Verdwenen geuren
Nu Niemeyer de machines heeft stilgezet zal ook de tabaksgeur uit de buurt verdwijnen. Opnieuw een geur die veel mensen liever niet roken, maar als voormalig pijproker (gestopt op 24 mei 2007) (ik begon op mijn 18e)(het zag er nogal potsierlijk uit op een fiets als je jong bent en pijp rookt)(en het werkt ook niet goed op de amoureuze markt)(maar dit allemaal terzijde) kon ik tabaksgeur wel waarderen. Het is niet meer zo dat ik achter elke pijprokende man aanloop om in de geurvlag nog wat mee te kunnen roken, maar ik heb toen ik pas gestopt was wel enkele extra kilometers gemaakt als stalkende snuiver.

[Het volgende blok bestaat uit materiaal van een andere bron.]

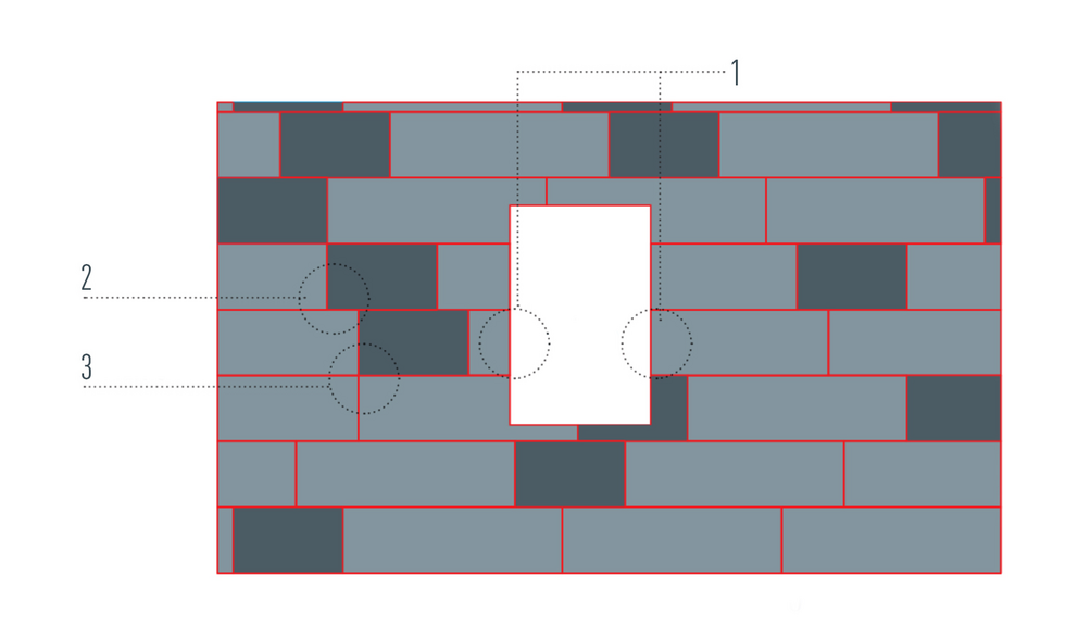 Ein abgeschnittenes FX.12-Paneel wurde an der anderen Seite der Öffnung weiterverwendet (1). Somit ist eine korrekte Stossverteilung nicht mehr gewährleistet (2) und kann im schlimmsten Fall zu einer Überlappung der Stösse führen (3). Deshalb wurden Verlegebeispiele für einen optimalen Stossversatz erstellt.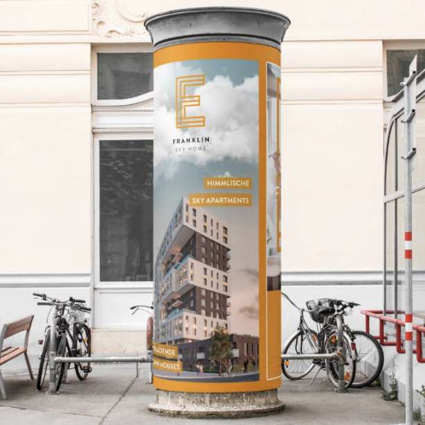 Besondere Präsenz für Objektwerbung zeigen großflächige Medien – als Citylight-Poster an frequentierten Plätzen oder als Gerüstbanner direkt an der Baustelle.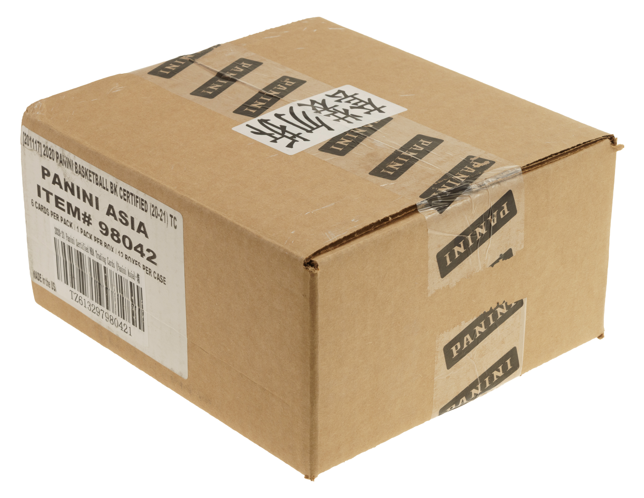 Presented is an unopened case of 2020-2021 Panini Certified basketball (Tmall edition) featuring 12 unopened boxes. The 2020-2021 Panini Certified set is highlighted by the rookie cards of Anthony Edwards, LaMelo Ball, and Tyrese Haliburton. Panini-Tmall cards are China-exclusive editions of standard Panini sets, sold through the Tmall platform. They feature the same base cards as their U.S. counterparts but include exclusive parallels and inserts only found in Tmall products. The case comes factory-sealed by Panini and displays light shelf wear. The size/weight of this item requires that there will be an additional shipping charge for this lot.

Wie volgend jaar als student in onze wijk komt, zal deze specifieke wijkgeuren niet meer kennen. Geuren kun je niet als foto’s opslaan. Ja, je kunt een blikje vullen met geur, maar dan kun je het blikje nooit openmaken zonder de geur kwijt te raken. Een geur bestaat alleen in het geheugen. Zo moet het badhuis in de Badstratenbuurt en het zwembad erachter ook een bepaalde geur hebben gehad, maar wie zich die geur nog herinnert, moet nu stokoud zijn.

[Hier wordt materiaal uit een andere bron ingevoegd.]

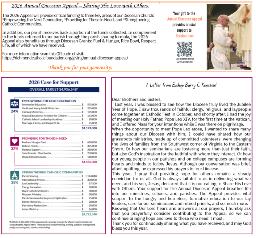 - Diocesan Appeal: (scroll down for details & QR code)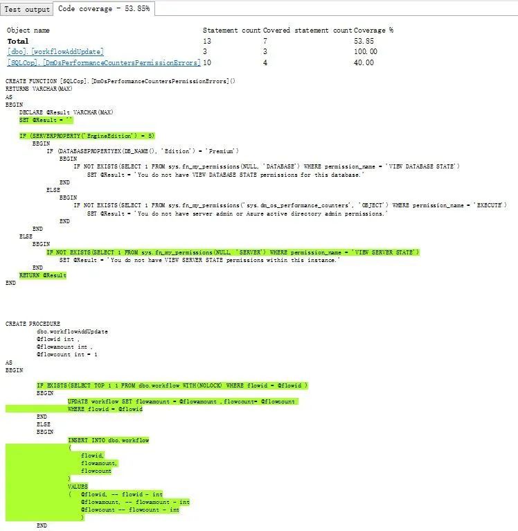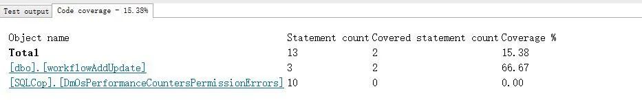 这就是测试覆盖率报告。dbo.workflowAddUpdate 就是要测试的存储过程,可以看到有 3 个测试入口,而我们的测试用例(参数)只测试到了 2 个入口,测试覆盖率就是66.67. 剩下的一个入口没有测到,那么说不到哪天,新的参数传进来了,会出现 bug.

Als ik naar de uitgeverij loop waar ik op vrijdag werk, dan kom je langs Knol’s koek. Dat is net buiten onze wijk en de geur draagt slechts een paar huizenblokken ver, maar je wordt altijd iets vrolijker als je de geur van verse noten- of kandijkoek meekrijgt. Ik weet niet hoe het is als je een directe buurman bent van de koekfabriek en de hele dag in de koeklucht zit. Dat je geliefde ’s avonds thuiskomt en tegen je zegt: ‘Wat ruik je weer naar oude wijvenkoek!’
Coen Peppelenbos
Deze column verscheen eerder in Ahoy, het wijkblad van de Zeeheldenbuurt, najaar 2022.